Roaming airtime minutes increased during the three months ended March 31,
1998, while roaming revenues as a percent of service revenues have declined. The
Company expects that roaming rates between carriers will continue to be reduced
which may reduce revenues derived from cellular service users who roam into the
Company's systems. The Company expects roaming airtime to increase as reduced
roaming rates between carriers ultimately are passed on to customers.

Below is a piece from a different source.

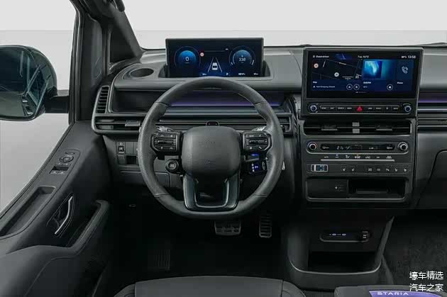 外观方面,Staria Electric 维持了极具未来感的一体曲线轮廓。为了强化电耗,车头采用封闭式几何表面格栅,搭配贯穿式水平日行灯,营造出洁净且高科技的视觉印象。低窗线的设计不仅强化了车侧的层次感,更为车内乘客提供了广阔的视觉视野。此外,17寸空力优化铝圈也是纯电版专属配置,平衡了节能与负载支撑。

Future revenue growth will be impacted by the Company's success in
maintaining customer growth in existing markets; increasing usage per customer,
increasing availability of a variety of enhanced services and products; and
acquiring additional cellular communications systems to further strengthen its
existing regional clusters. The growth rate of new customers is expected to
decline as the Company's customer base grows. Revenue growth will also be
impacted by the Company's long distance and paging businesses. The Company
currently markets residential long distance and paging services in the states in
which the Company provides wireless service.
Cost of Service
Cost of service as a percent of service revenues was 11.9% and 14.1% for
the three months ended March 31, 1998 and 1997, respectively. A reduction in
unbillable fraudulent roaming activities, renegotiated wholesale roaming rates,
renegotiated long distance contracts in 1997, and reduced interconnection rates
paid to local telephone companies were key factors favorably impacting the
decline in cost of service as a percent of service revenues. Long distance
telecommunications and operator services are provided to the company by Sprint
Corporation based on terms and conditions of contracts governing such charges.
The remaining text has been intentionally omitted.